At the waterfront, an officer (Alex Zahara) tells Holder he arrested a man named Joseph Nowak for breaking into the construction site on the night of Rosie's murder, but that Ames did not press charges against Nowak. The officer adds that Nowak's reason for the break-in was not construction related, noting that Nowak works for Janek Kovarsky. Holder meets with Linden during visiting hours and briefs her on the latest developments in the case. Dazed, Linden keeps mentioning the City Hall keycard that she saw on the casino's tenth floor. Holder vows to get her out. He then finds Joseph Nowak (Brad Kelly) at a lumber yard and chases him down, demanding to know about the waterfront activity that night. Holder meets Carlson to tell him "all our players" are involved in the murder: Nowak was at the mayor's construction site to bury native-American bones, and his arrest prompted a meeting between Ames, Chief Jackson and Mayor Adams. Rosie saw the meeting and was killed. Holder demands Carlson give him Linden's psychiatrist's contact information.

Gwen tells Richmond that a video from his All Stars appearance has become a viral online hit. He asks why she met with Mayor Adams and she says she planned to blackmail him about kissing her when she was underage. Richmond comforts her. She later hands a man an envelope out her car window, congratulating him on his work on the video.

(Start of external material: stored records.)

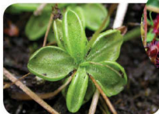
Crassette du Portugal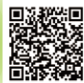
ひきこもりかなと思ったら…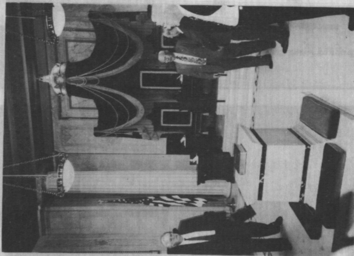
Sala posiedzeń Rady Najwyższej 33° Obediencji Południowej USA w waszyngtońskim House of the Temple .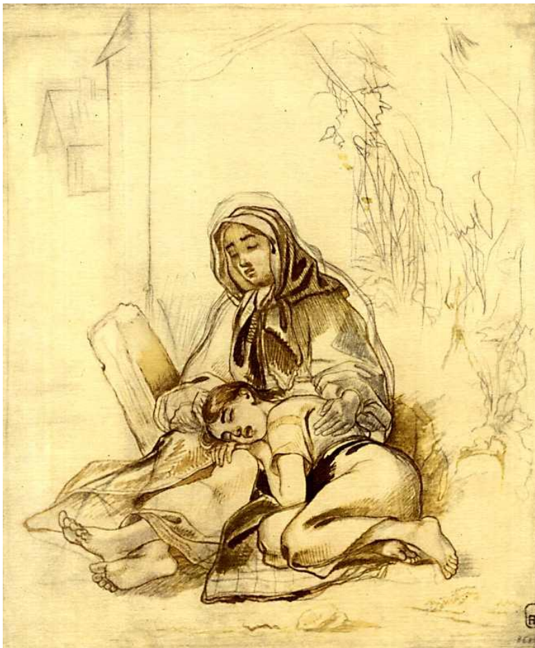
Т. Шевченко. Слепа з дочкою. За мотивами поеми «Слепая». 1842

затіненій частині картини. Порівняно з величною постаттю Катерини він виглядає мізерним, іграшковим. Холодний, зеленкувато-синій тон підсилює трагедію дівчини-покритки, її сумний настрій. Впадає в око і співчутливий погляд діда. Відірвана гілка символізує скалічене молоде життя. Прагнучи до посилення емоційного звучання твору, автор поетизує героїню, свідомо прикрашаючи її. На дівчині святковий одяг: біла з довгими пишними рукавами сорочка, барвиста плахта, червоний фартух, з прикрашеної вінком голівки спадають, розвиваючись на вітрі, довгі червоні стрічки. Шевченко творив свою картину далеко від рідної України, тому не мав змоги малювати з натури. Але національний український одяг дівчини, характерний краєвид надають картині виразного національного колориту.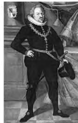
Výstava k 390. výročí příchodu Liechtensteinů na Černokostelecké panství 1623 - 2013

-zkrácené info převzato z webu města Č. Brod-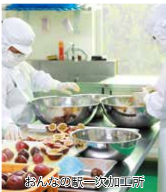
おんなの駅一次加工所

現在、(株)ONNAの取組を支援しながら体制を構築し、将来的には観光とリゾート地としての立地特性を生かした体験型農場等を含め、6次産業化の推進による魅力的な農業展開ができればと考えています。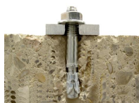
Goujon fileté FT - vue en coupe

ETE 08-0327 option 7 pour béton non fissuré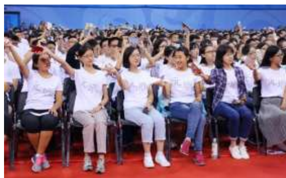
热情的新生挥舞着手机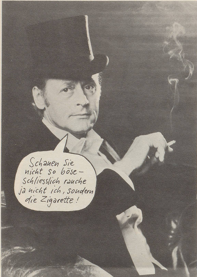
Schauspieler Helmut Lohner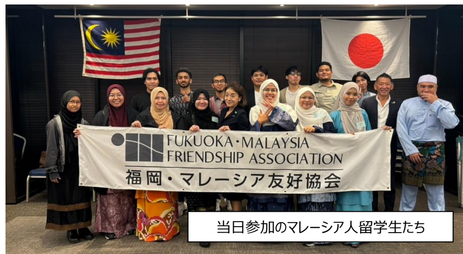
当日参加のマレーシア人留学生たち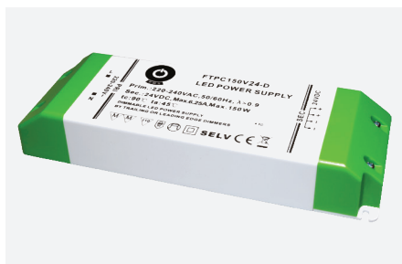
MPL-FTPC150V24-D (150 W)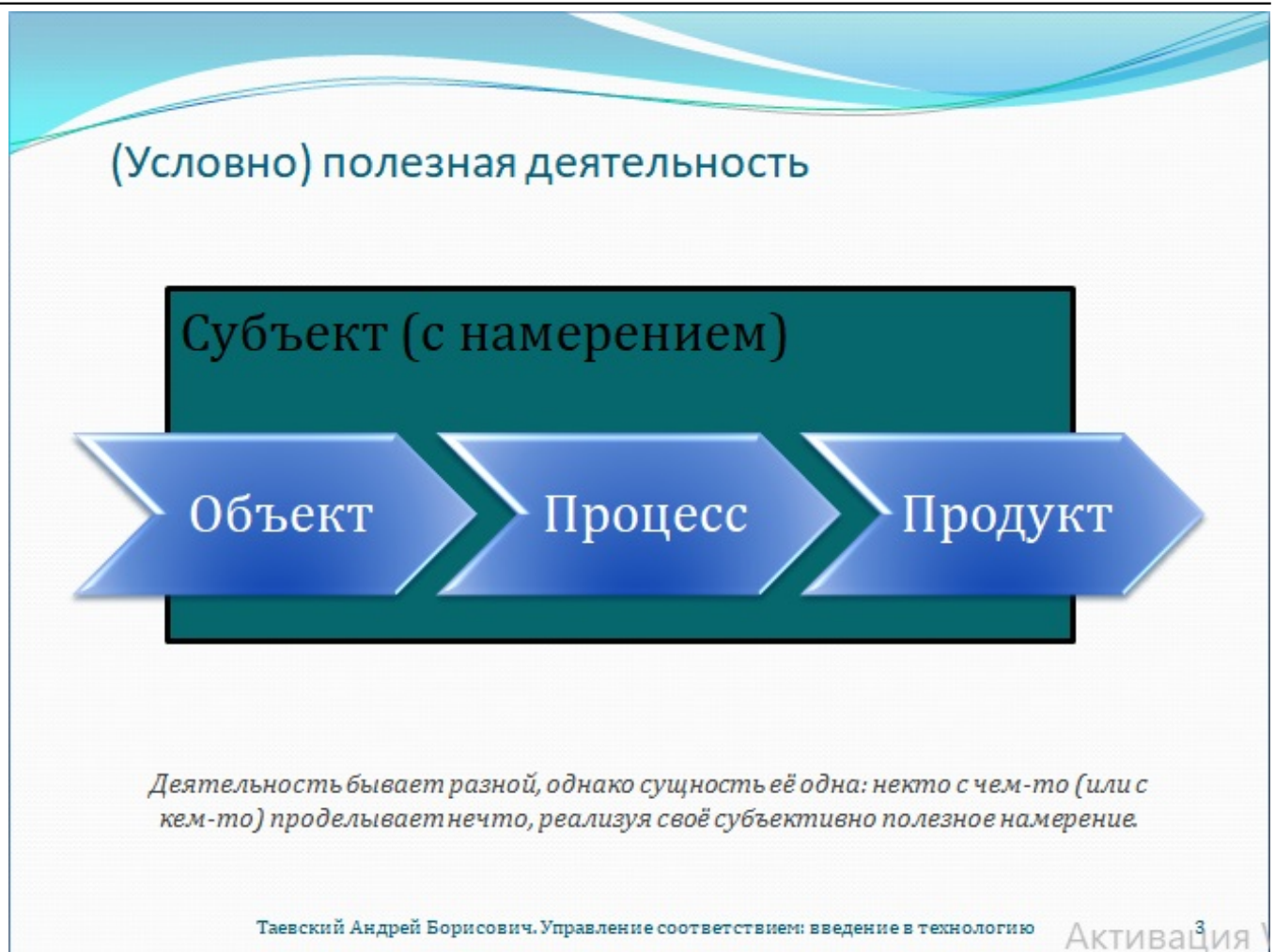
Рис. 3. (Условно) полезная деятельность

Впереди нас ждёт немало трудных вопросов, в которых предстоит совместно разобраться. Начнём, однако, с простых и понятных вещей, единственно ради того, чтобы синхронизировать наши мысли в правильном направлении. Любая целенаправленная деятельность, будь то ведение домашнего хозяйства, оказание медицинской помощи населению или консультирование по вопросам управления качеством, исполнена действиями, производимыми известными субъектами с некими объектами ради получения желаемых результатов – продуктов деятельности. Предположительно и субъективно полезной, конечно же. По общему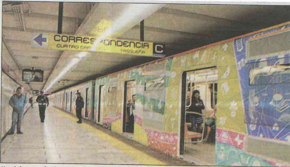
Uno de los trenes fue decorado con los logotipos de estaciones de las diferentes líneas y es conocido como Quetzalcóatl.

la empresa francesa CAF debió diseñarlos para que se pudieran adaptar a la tecnología análoga pasada, que es con la que cuenta la Línea 1 del Sistema de Transporte Colectivo (STC).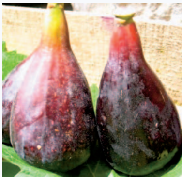
La particolare forma del Fiorone Menna di vacca (N. Biscotti)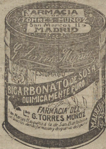
LATAS ECONOMICAS DE 1 1/2 KILOS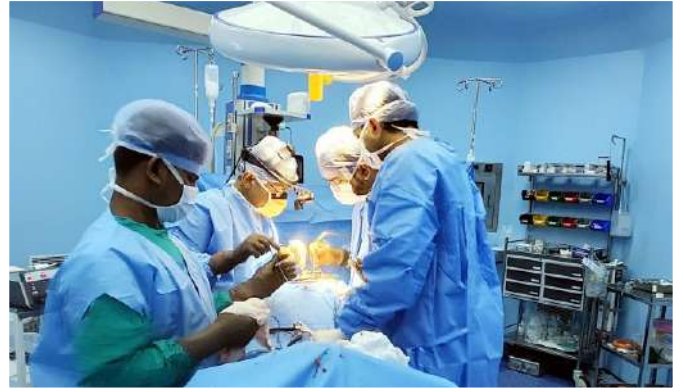
स्पाइन सर्जरी शिविर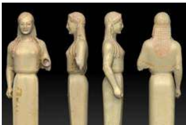
3. Kore del pèplum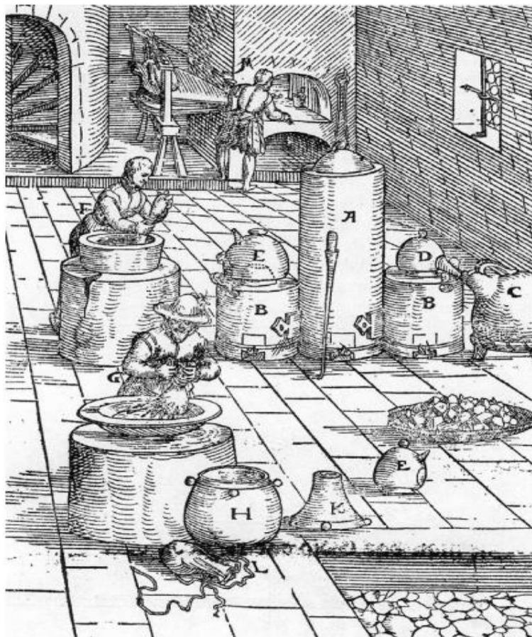
FIGURA 3: USO DO MERCÚRIO PARA DISSOLVER O OURO CONTIDO NO CONCENTRADO DO MINÉRIO.

Todos esses processos nos fazem refletir sobre a importância da história em seu contexto, e como os conhecimentos químicos foram, desde aquela época, essenciais em diversas finalidades. Ao analisar estes relatos históricos, podemos perceber que os conhecimentos químicos estão relacionados com as práticas e técnicas de extração, manipulação e separação de materiais, neste caso, o ouro. Assim, as atividades como a separação de misturas e uso de materiais e/ou elementos, se destacam fortemente. A figura 3 representa a amalgamação e a recuperação do mercúrio, representando o famoso termo “semelhante dissolve semelhante”, muito conhecido até hoje, e talvez um dos termos mais antigos da história da química.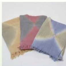
Mesh-gefärbte Stola mit zweilagigen Naturfaser-Garnen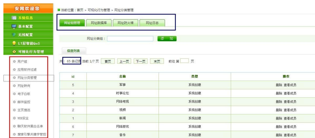
聊天软件黑白名单图析

聊天软件高级管理： 让企业上班指定的客服 QQ、企业 QQ、MSN、飞信号码才能登陆。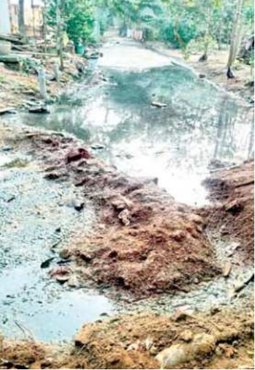
అభివృద్ధికి ఆమడ దూరంలో బాడాం

కొండలావేరు పంచాయతీ మధుర గ్రామమైన బాడాంలో గత కొన్నేళ్లగా కాలువలు లేక అపారితవ్య గ్రం రాజ్యమేలుతుంది. మురికి నీరు సిసి రోడ్లపై వదలడంతో పేరుకు పోయి నామపట్టి దుర్వాసన వెదజల్లుతుంది. ఈ రోడ్లపై వృద్ధులు, విద్యార్థులు సిసి రోడ్లపై వచ్చిన నామ మూలంగా జారి ప్రమాదం జారిన పడుతున్నారు. అయితే కొత్త ప్రభుత్వం వచ్చిన తరువాత గ్రామీణ ప్రాంతాల్లో పట్టె వండుగ వసల్లో భాగంగా వీధి కాలువలు, సిరి రోడ్లు నిర్మిస్తామని హామీ ఇవ్వడం జరిగింది. అయితే అక్కర నిధులు మంజూరవ్వడంతో వీరి ఆశలు అడియూగానే మిగిలాయి. పట్టె వండుగ వసల్లో భాగంగా బాడాం గ్రామానికి 15 లక్షల మాత్రమే మంజూరైంది. అయితే ఈ 15లక్షలతో ప్రధాన రహదారికి ఇరువైపులా కాలువలు నిర్మించారు. ప్రత వీధిలో సిసి రోడ్లకు ఇరువైపులా కాలువలు లేకపోవడంతో మురికి నీరుతో దుర్భందాన్ని వెదజల్లుతున్నాయి. ప్రజలు వ్యాధులు బారిన పడుతున్నారు. ఎన్నికల కోడే ముగిసిన తరువాత అయినా తమ గ్రామాలకు మోక్షం కలుగుతుందో లేదో వేచి చూడాలి.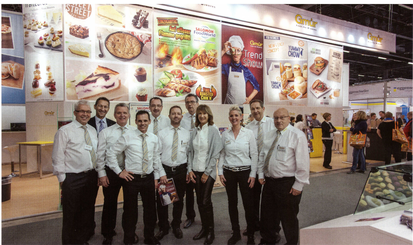
Das kompetente Team der Gmür AG an der Igeho 2015.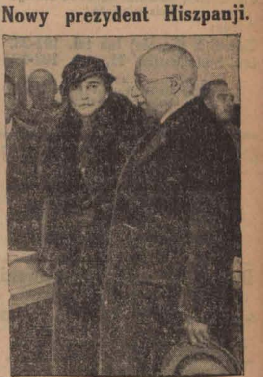
Nowoobрани prezydent Hiszpanji Azana z małżonką Azana otrzymał 754 głosy na 846 głoszących.

ATENY 11,5. Po posiedzeniu rady ministrów Metaxas oświadczył przedstawicielom prasy, iż wydane zostały jaknajsurowsze zarządzenia w celu utrzymania porządku. W ciągu dnia dzisiejszego są zabronione zarówno w stolicy, jak i na prowincji, wszelkiego rodzaju zgromadzenia. Premier Metaxas wyraził ubolewanie, iż ogłoszony strajk generalny w tak trudnej dla kraju chwili i że robotnicy odrzucili propozycje, które im uczyniono. Premier dodał, iż rękowania, mające na celu zakończenie konfliktu, są tem trudniejsze, iż trzeba je pro-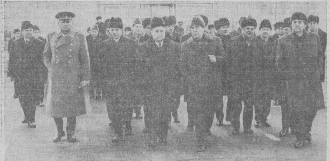
Проводы на Внуковском аэродроме.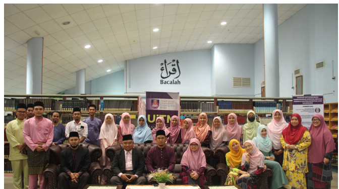
Gambar bersama Jawatankuasa Seminar

Seminar yang diadakan ini telah mendapat sambutan yang menggalakkan dan komen yang positif daripada penonton samada secara maya melalui siaran langsung di YouTube atau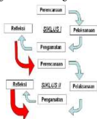
Gambar 1. Daur Penelitian Tindakan Kelas (PTK).

Penelitian ini merupakan penelitian tindakan kelas (PTK) atau dalam istilah Bahasa Inggris disebut classroom action research (CAR). PTK adalah suatu pendekatan untuk meningkatkan Pendidikan dengan melakukan perubahan kearah perbaikan terhadap hasil penelitian dan pembelajaran. Secara garis besar terdapat empat tahapan yang lazim dilalui dalam penelitian ini yaitu perencanaan, pelaksanaan, pengamatan (observasi), dan refleksi. Empat kaitan tersebut saling berkaitan dalam pelaksanaan PTK, secara virtual tahapan PTK menurut Kemmis dan Mc Taggart adalah sebagai berikut: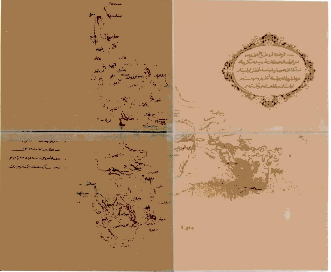
Harita 1: 1862 Karadağ Seferi'nde Askeri Hareketliliğe Sahne olan yerler (Detay). Erkân-ı Harbiye Dâiresi, 1291, Kaynak: Milli Kütüphane: HRT 1994 D 1851 , Demirbaş No: 2961.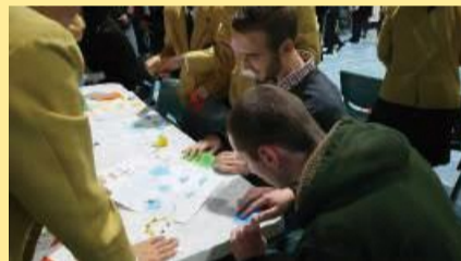
【日本文化を伝えるワークショップ】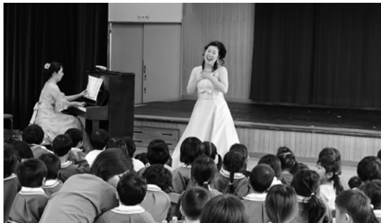
11月11日 社会福祉法人秀愛会大沢野ちゅうおうこども園

ように歌い演奏しました。次の洋舞公演は富山県洋舞協会の4団体合同公演で、クラシックバレエからモダンバレエまで様々な踊りを披露。表現豊かなバレエの動きを園児は真似をして、バレエの魅力を感じていました。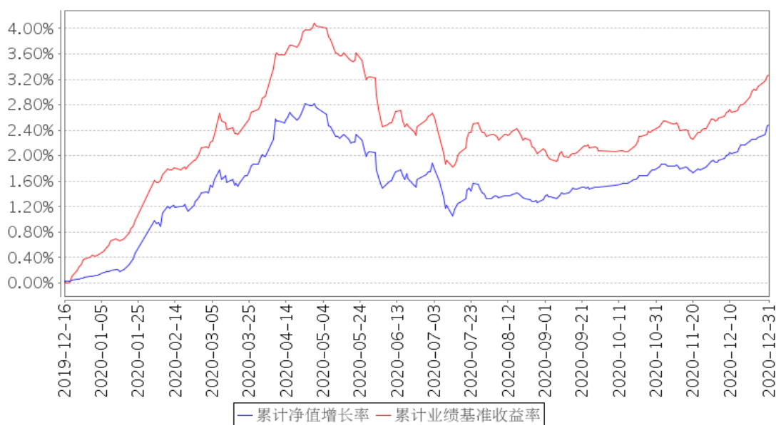
平安惠涌纯债累计净值增长率与同期业绩比较基准收益率的历史走势对比图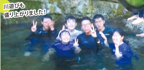
川遊びも盛り上がりました!

下山後のお楽しみ! メスティンを使った 「アウトドア飯」に疲れも 一気に吹き飛びます!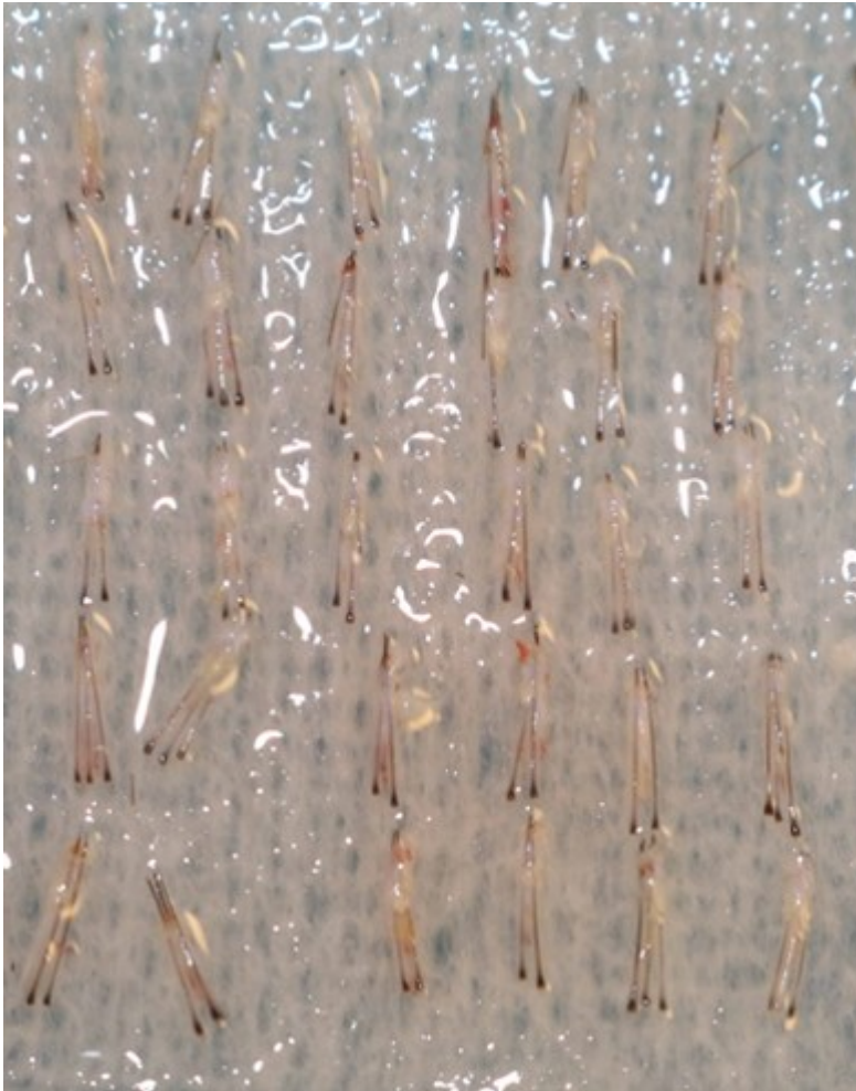
4) Schlitze für Implantate setzen.jpg , downloaded 684 times

Talking with Dr. Kerry, Linden expresses doubts about the father's arrest in the previous murder. Kerry mentions Linden's mother, who abandoned her at age five, and Linden insists she is fine. Kerry points out that her son is gone and she was supposed to be married a few days ago. A hospital worker interrupts to say Linden is being released. In the waiting room, Linden's ex-fiancé (Callum Keith Rennie), Dr. Rick Felder, who is Linden's psychiatrist, tells Holder he will release Sarah, but cannot be involved any further. Linden sees Rick from an adjacent room, but he quickly leaves. Holder drives while Sarah sleeps in the passenger seat. At the casino, Chief Jackson (Claudia Ferri) tells someone on her phone that the police will never find anything. Roberta Drays (Patti Kim) monitors a construction crew resuming work on the tenth-floor room. The blood-stained City Hall keycard lies unnoticed under the floorboards.

==Reception==

===Critical reception===
"72 Hours" received mostly positive reviews. Sean McKenna of TV Fanatic rated the episode 4.5 out of 5 stars, calling it "another quiet episode, but The Killing does them with such a tenacity that even those still and silent moments scream as loud as can be." The A.V. Club's Brandon Nowalk rated this episode a B−, saying "'72 Hours' feels caught between what The Killing was and what it has recently become, which is admittedly a false dichotomy. There's an obviousness, though, that can't entirely be chalked up to pulp's habit of sorting characters into situational conventions." William Bibbiani of CraveOnline called "72 Hours" a "filler episode, disguised as something more". He added, "It could have worked out, but besides the revelation that Linden was engaged to her old psychiatrist, which raises a few questions that have nothing to do with the main storyline, it gives us nothing new besides a connection between several of the key suspects, which could have been integrated into just about any episode of the series."

===Ratings===
The episode was watched by 1.31 million viewers and received an adult 18-49 rating of 0.3, one-tenth lower than the previous episode.